Monday, Nov. 30, 1942

Self-Made Success

Publisher Alvin Wiehle of the Washington Herald-Telegram writes with brutal candor. When a recent District of Columbia practice blackout flopped, Publisher Wiehle combed the District's hair with a sneering editorial headline: "A blackout? Nuts! A whiteout!" During the recent scrap drive he pressed his editorial trigger again: "The people must conserve, conserve, conserve, but the Government is free to waste what it pleases. Attached to the wall of the public rest station at Dupont Circle are two iron trellises ... at least 40 lb. of good scrap. Why isn't something done?" He also runs pointed society notes: "Well, today Mother decided she'd go out and play bridge (that hated game). When she will come home nobody knows." Publisher Wiehle is twelve.

The newspaper bug bit Alvin Wiehle during a long illness in 1940. At first he made just one weekly copy of his four-page tabloid, printing it by hand in pencil. This year he began to dream of expanding, printed a suggestive notice on Page Two: "Washington, Sept. 14--For his birthday and Christmas, Alvin wants a mimeograph duplicator. . . ." Later Alvin roared gleefully to press with a Monday "extra" proclaiming: A. w. HAS DUPLICATOR--His three older sisters (he has four sisters and two brothers) got it for him.

With the help of 17 paying subscribers he has slowly boosted his little paper into the profit stage, a feat to make any red-ink-stained publisher gape. Last week Alvin was grossing "about 90-c- a week, barely enough to buy materials.

The paper goes to bed at 2 p.m. every Saturday, since that gives Alvin a chance to pilfer late flashes from the noon news broadcasts.
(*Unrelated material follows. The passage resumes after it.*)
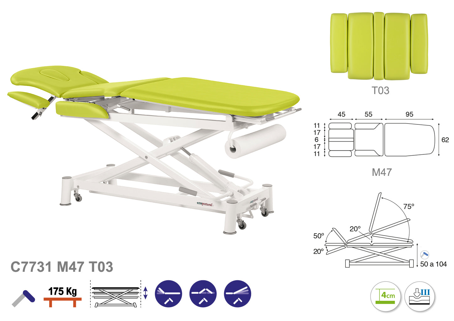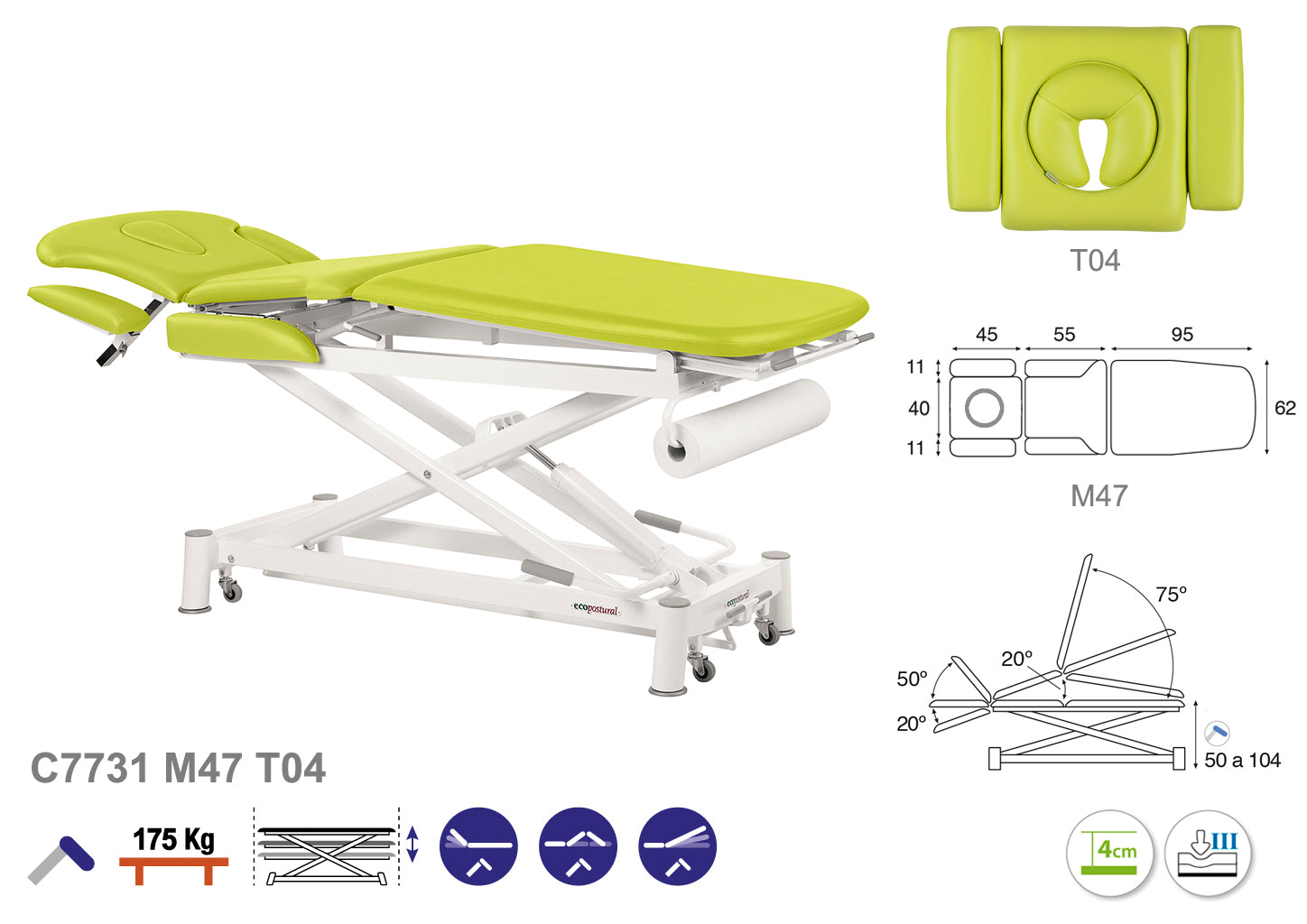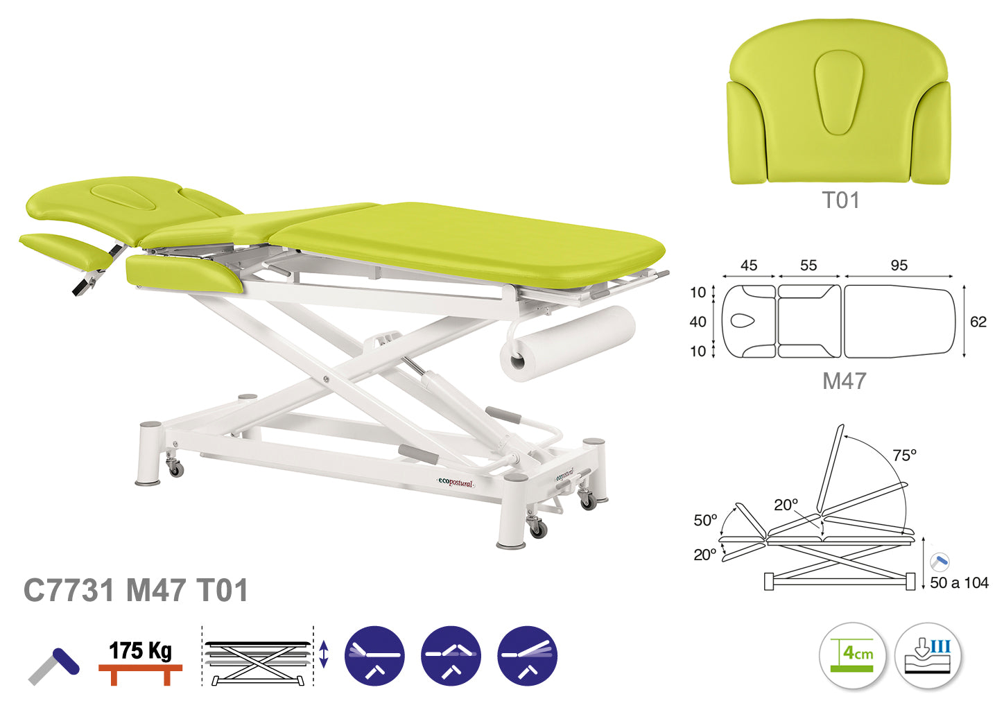La Camilla Hidráulica Ecopostural Tijera Blanca Multifuncional, modelo C7731, con unas medidas de 50x198 cm, está diseñada para ofrecer un soporte ergonómico y funcional en diversas terapias y tratamientos.
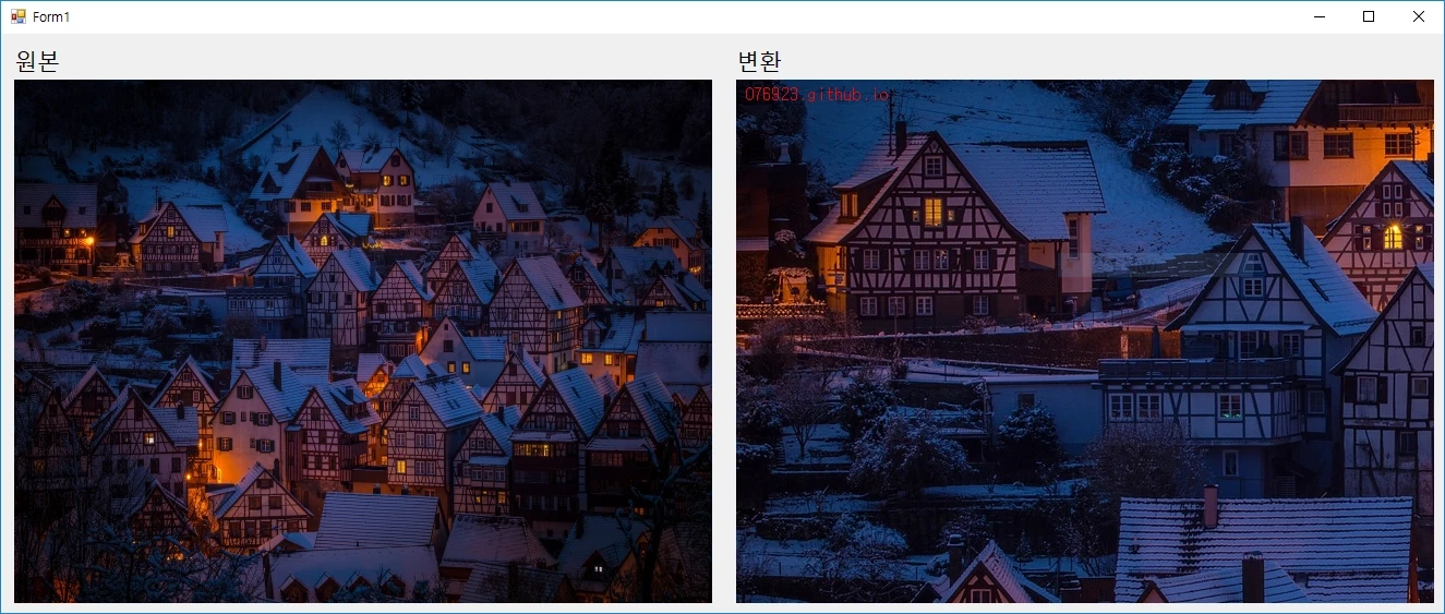 grp.DrawString("076923.github.io", new Font("굴림체", 12), Brushes.Red, 5, 5);좌측 모서리에 DrawString을 적용합니다.

Example: his Nov. 14 headline was RICKENBACKER IS RESCUED! It is such enterprise that gains Alvin new customers.

He holds them (a bigger problem) by filling up his inside, well-illustrated pages with snappy editorials, features and intimate, gossipy domestic (mostly Wiehle family) news, all of which he does himself.

Last week the Herald-Telegram reached its second birthday, but there was no special anniversary edition. Said shy, rueful Publisher Wiehle: "I forgot."